Heide Breitel wurde 1941 in Berlin geboren. Nach der Schule arbeitete sie zunächst zwischen 1957 und 1960 als Fotolaborantin und Fotografin und erwarb darin einen Berufsabschluss, bevor sie zum Film wechselte und eine Ausbildung zur Filmeditorin absolvierte (1960 bis 1962). Ab 1973 dozierte sie an der Deutschen Film- und Fernsehakademie Berlin (DFFB) zu Filmgestaltung und Filmschnitt.[2] 1977 begann Breitel eigene Filme zu drehen und beendete 1979 ihre Arbeit als Dozentin. Ihre eigene Filmproduktion gründete sie 1980.[3] Breitel lebte in Berlin, wo sie im Juli 2023 starb.[4][5]

Schaffen

Als Filmeditorin war sie u. a. 1976 bei dem Film Ich bin kein Herr – Ernst Busch in Kiel 1900 - 1924 von dem Regisseur Karl Siebig für die Montage mit verantwortlich[6] und bei dem zweiten Film mit Ernst Busch Vergesst es nie, wie es begann war sie Co-Regisseurin und Filmeditorin.[7] In der Folge war sie an weiteren Filmen als Filmeditorin, Drehbuchautorin oder Regisseurin beteiligt.

Im Jahr 1983 gewann Breitel für ihren ersten selbst produzierten Dokumentarfilm Im Jahr der Schlange, bei dem sie auch Regie führte und das Drehbuch schrieb, beim Filmfestival Max Ophüls Preis den Förderpreis Langfilm.[8] Der Film war ein Geburtstagsgeschenk an sich selbst zu ihrem 40sten Geburtstag, Sie erzählt darin ihre eigene sowie die Lebensgeschichte von vier weiteren Frauen, die alle 1941 – nach dem chinesischen Kalender als ein Jahr der Schlange bezeichnet – geboren wurden.

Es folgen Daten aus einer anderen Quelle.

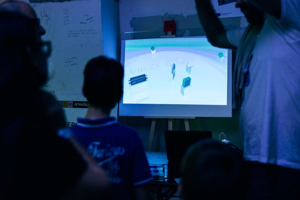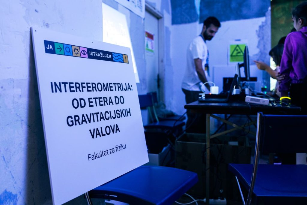 U sklopu Noći istraživača Aldo Arena, Karlo Veličan i Nenad Kralj predstavili su jednostavan interferometarski postav u kojem su posjetitelji u kontroliranim uvjetima mogli sami mijenjati interferencijski uzorak, mijenjajući napon na piezoelektričnom elementu. Uzorak je bio vidljiv na zidu, kao i na osciloskopu, a pozadinska projekcija dodatno je ilustirala princip interferencije dva vala kao i kako se ona koristi u detektorima gravitacijskih valova.

Der Film wurde 1982 im ZDF erstausgestrahlt und von der Zeit als „beachtlich“ bezeichnet.[9][10]

Es folgten auch Dokumentarfilme im Auftrag des öffentlich-rechtlichen Fernsehens. So begleitete sie zusammen mit einem Kamerateam des NDR die Schauspielerin und Sängerin Gerty Molzen auf einer Tournee nach New York und porträtierte die Künstlerin in dem Film Ich bin nicht schön, ich bin viel schlimmer, der 1986 erstmals ausgestrahlt wurde.[11]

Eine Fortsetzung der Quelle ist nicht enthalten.